Mystery of the Black Dragon

Kuroshio finds murder and hidden history in tale of Japanese emigrants

For more than 200 years, the Japanese government enforced sakoku, a foreign relations policy that dictated neither foreigner nor Japanese could leave the country on penalty of death. This policy of isolationism that was instituted in the 1630s and not revoked until the opening of Japan in 1853, kept millions of people in pre-industrial Japan tied to the land in ancient feudal arrangements. When the Meiji Restoration introduced modernization to the island nation in the late 19th century, freedom of movement captured the imaginations of many forward-thinking Japanese, who ventured in search of new lands and new ways of living. Many of these voyagers were led to the Americas, carried along by the Kuroshio Current, the black stream leading from Japan to North America and towards a deeper kind of isolation.

Terry Watada’s novel Kuroshio: The Blood of Foxes, explores the intersecting lives of a group of these early emigrants, focusing largely on the story of Yoshiko Hayashi's arranged marriage. When the young woman agrees to marry wealthy expatriate Miyamoto Jinsaburo, said to own a boarding house in Vancouver, she believes herself set to lead a life of wealth and privilege. Upon arriving in Canada, she is shocked to find her promised husband to be much older than he has claimed — a tenant in the boarding house rather than its owner, and a cruel, abusive drunk.

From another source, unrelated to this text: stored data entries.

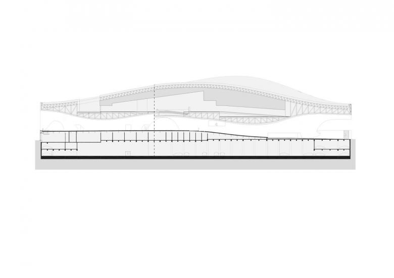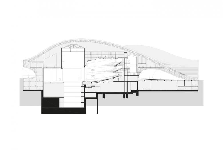 Where the roof touches the earth the building becomes an amphitheatre, open towards the surrounding parkland which, in turn, becomes both its stage and its set.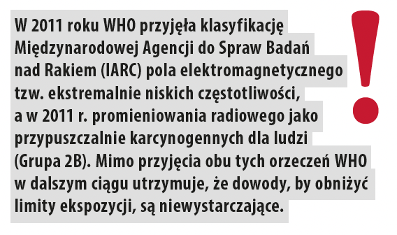 W 2011 roku WHO przyjęła klasyfikację Międzynarodowej Agencji do Spraw Badań nad Rakiem (IARC) pola elektromagnetycznego tzw. ekstremalnie niskich częstotliwości, a w 2011 r. promieniowania radiowego jako przypuszczalnie karcynogennych dla ludzi (Grupa 2B). Mimo przyjęcia obu tych orzeczeń WHO w dalszym ciągu utrzymuje, że dowody, by obniżyć limity ekspozycji, są niewystarczające.
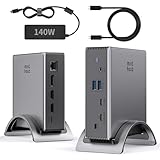 - 【⭐USB-C-Ladeanschluss – 125 W PD- und CE-zertifiziert】Diese USB-C-Dockingstation mit 3 Bildschirmen unterstützt eine Eingangsleistung von bis zu 140 W und eine (sichere) Ausgangsleistung von 125 W für Laptops, während mehrere leistungsstarke Peripheriegeräte angeschlossen werden können. Im Lieferumfang ist ein 140-W-Netzteil enthalten. Der PD-Anschluss ist mit Thunderbolt 3/4-Schnittstellen kompatibel und ermöglicht so schnelles Laden. Hinweis: Bitte stellen Sie sicher, dass der USB-C-Anschluss Ihres Laptops Power Delivery-Protokolle unterstützt.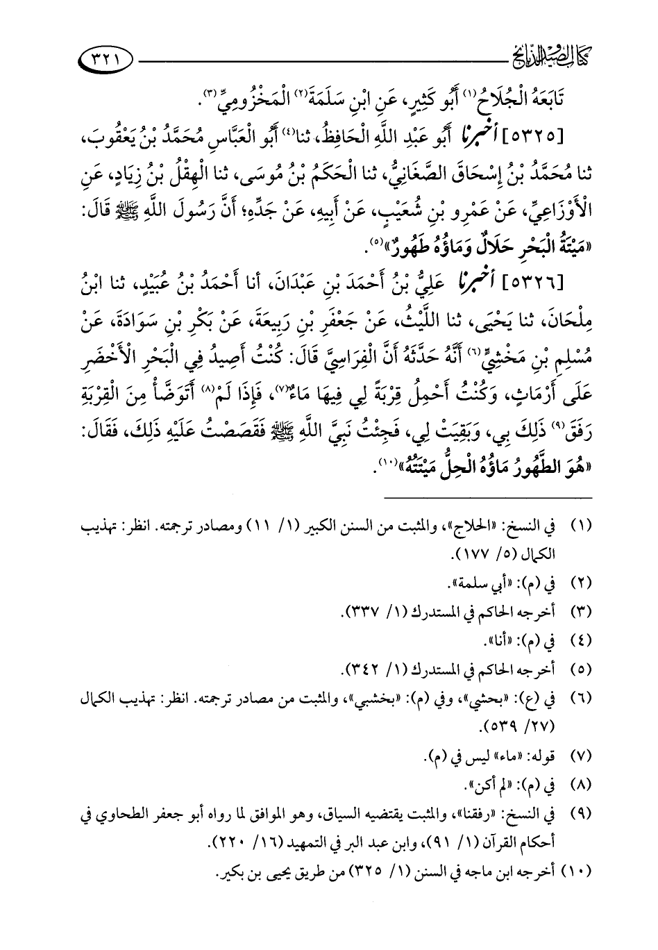 [5326] أخبرنا عَلِيُّ بْنُ أَحْمَدَ بْنِ عَبْدَانَ، أنا أَحْمَدُ بْنُ عُبَيْدٍ، ثنا ابْنُ مِلْحَانَ، ثنا يَحْيَى، ثنا اللَّيْثُ، عَنْ جَعْفَرِ بْنِ رَبِيعَةَ، عَنْ بَكْرِ بْنِ سَوَادَةَ، عَنْ مُسْلِمِ بْنِ مَخْشِيٍّ (¬6) أَنَّهُ حَدَّثَهُ أَنَّ الْفِرَاسِيَّ قَالَ: كُنْتُ أَصِيدُ فِي الْبَحْرِ الْأَخْضَرِ عَلَى أَرْمَاثٍ، وَكُنْتُ أَحْمِلُ قِرْبَةً لِي فِيهَا مَاءٌ (¬7)، فَإِذَا لَمْ (¬8) أَتَوَضَّأْ مِنَ الْقِرْبَةِ رَفَقَ (¬9) ذَلِكَ بِي، وَبَقِيَتْ لِي، فَجِئْتُ نَبِيَّ اللَّهِ - صلى الله عليه وسلم - فقَصَصْتُ عَلَيْهِ ذَلِكَ، فَقَالَ: "هُوَ الطَّهُورُ مَاؤُهُ الْحِلُّ مَيْتَتُهُ" (¬10).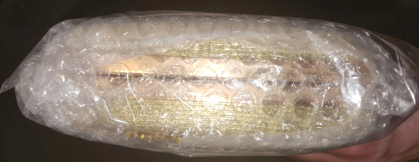 BRAND NEW, SEALED PACKAGE WITH BUBBLE WRAP!!! Strap included inside clutch. One side of clutch is gold glitter and other side is solid metallic gold. $50 Cash Only. Pickup Only. CHECK OUT MY OTHER ADS!!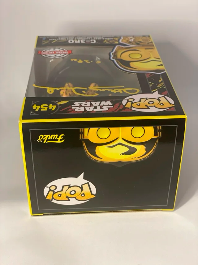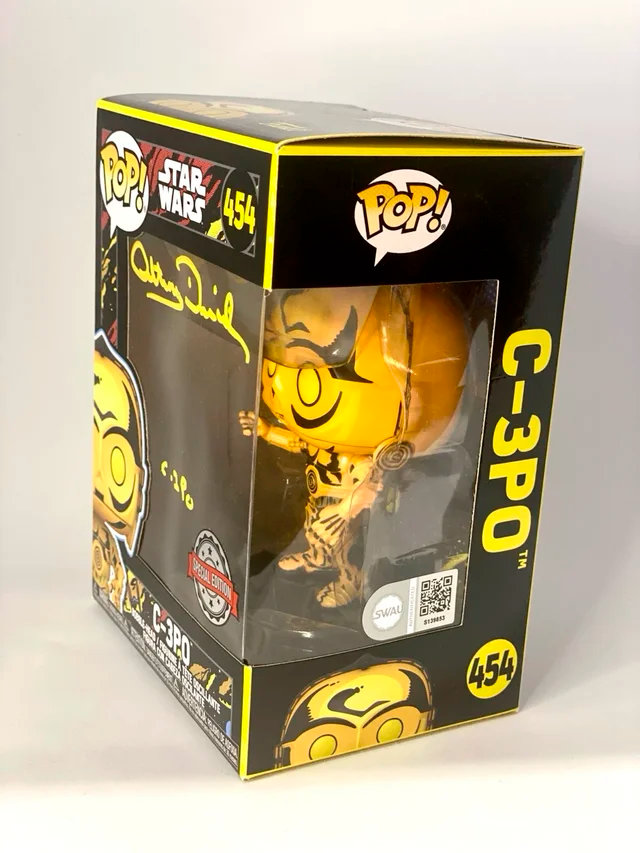 Funko Pop C3PO #454 - Star Wars firmado por Anthony Daniels, Edición Especial, con certificado de autenticidad de SWAU, obtenido en la misma Comic Con donde se obtuvo la firma. La firma se obtuvo en la Bruselas Comic Con en octubre de 2025. Se envía con funda protectora y muy protegido.

The girl, who left Japan almost ridiculously naive, quickly becomes hardened as she sees the prospect of wealth and status fade quickly into a life of pain, drudgery and anonymity. When her situation becomes unbearable, she is forced to seek the aid of Etsuji Morii, the shadowy leader of the Black Dragon Society.

Told in a literary style that draws upon Watada's background as a historian and poet, Kuroshio takes readers across continents and generations in search of the truth of the immigrant experience. Whether he's depicting San Francisco's Little Tokyo circa 1905, or Vancouver's Powell Street in the 1940s, Watada's deft use of description allows him to evoke times and places with considerable skill. Letting the story unfold at a leisurely pace, the author makes good use of fractured chronology to maintain tension and create suspense. At times, however, this book suffers from an identity crisis, not knowing if it is historical fiction or crime noir. While such combinations can work to great effect, the same rich details that make historical fiction so enjoyable can drag down a murder mystery with their weight. Nobody wants to read a story whose plot twists meander. Fortunately, Watada succeeds for the most part in keeping up interest in his tale, largely based on the strength of his characterization.

Reminiscent in many respects to Kerri Sakamoto's The Electric Field and Joy Kogawa's Obasan, Kuroshio differentiates itself by focusing on Vancouver's pre-Second World War Japanese community. Insightful in his portrayal of a society ruined by the enforced evacuation and internment of its citizens, Watada deserves credit for shining a light on a time that has remained shrouded in a fog of indifference.